Greatness has to be earned, he said.
————————So how is greatness (in boxing) achieved?
“Greatness is forged in adversity,” Hauser said.
“It takes a body of work,” he added.
————————So does this make Floyd Mayweather a certified greatest of all time with his magnificent unbeaten record?
“No, a fighter doesn’t have to be unbeaten to be great,” Hauser stressed.
He readily added that Sugar Ray Robinson, Joe Louis, Muhammad Ali and Sugar Ray Leonard proved that.
————————Hauser pushed hard and referred to the great Angelo Dundee, trainer of Ali.
“It’s what fighter does after he loses that makes him great,” Hauser quoted Dundee as saying.
Rating a fighter before his career is over is a perilous exercise in quantifying greatness, Hauser explained. Being immensely talented is different from greatness.
————————Hauser, who wrote the iconic Ali biography, considered the greatest book on The Greatest, said not every fighter who has been inducted into the International Boxing Hall of Fame was great.
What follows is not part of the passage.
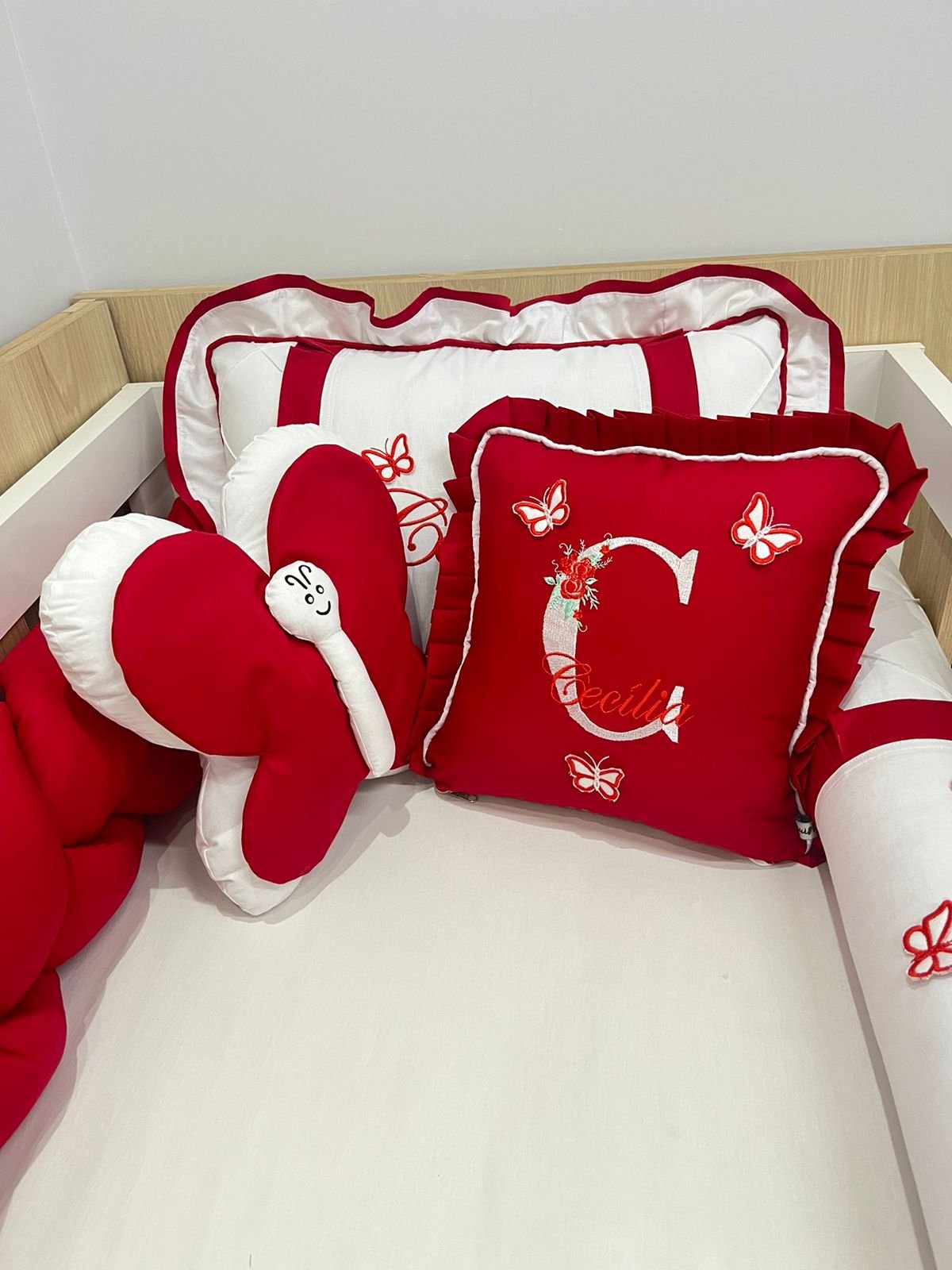 1 almofada de cabeceira com babado, bordado e detalhes na costura e borboleta 3D ( zipper na lateral)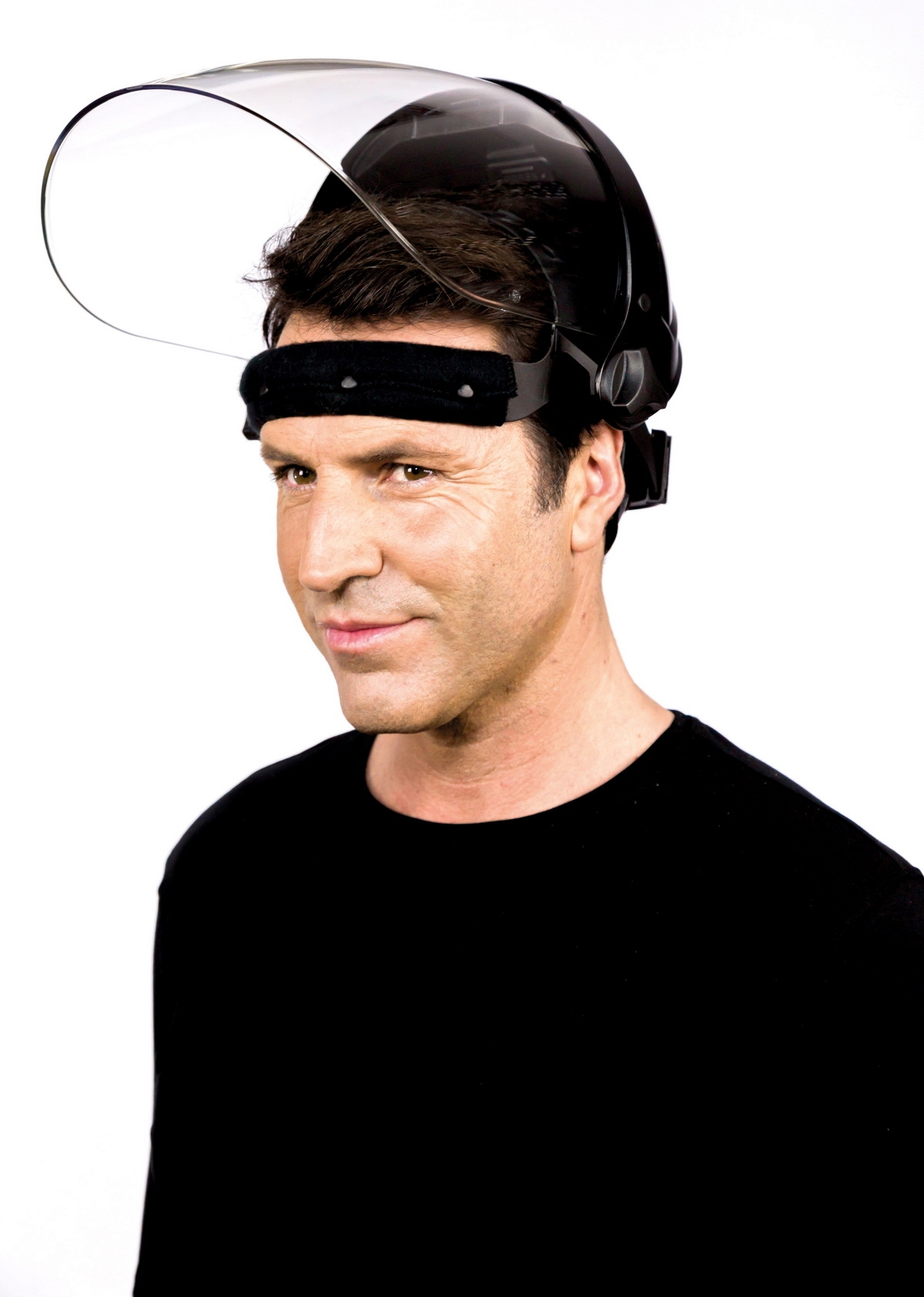 Die flexible Hinterkopfauflage bietet eine 300 % größere Kontaktfläche als herkömmliche Kopfhalterungen, um Druckpunkte zu verhindern, damit der Gesichtsschutz den ganzen Tag getragen werden kann. Die große Auswurftaste ermöglicht den einfachen Austausch des Visiers in Sekunden. Individuelle, komfortable Passform: Die Drehknöpfe sind groß und ergonomisch gestaltet, damit sie einfach eingestellt werden können - sogar mit Handschuhen. Der besondere Klappmechanismus des Helmhalters vergrößert den Freiraum über dem Kopf um ganze 100 mm und hält die Zubehörschlitze für die Kombination mit weiterer PSA frei. VE = 1 Stück

“He must possess the inquisitors that are necessary to prove greatness,” Hauser said, before zeroing in on the core of his thesis:
“Among active fighters today, Manny Pacquiao clearly meets the standard for greatness. In many ways, he’s a throwback fighter. Pacquiao has boxed almost 500 rounds over the course of 71 professional bouts. He has fought 18 times against ten fighters [including Floyd Mayweather and Oscar de la Hoya] who are either in or will be in the Hall of Fame.”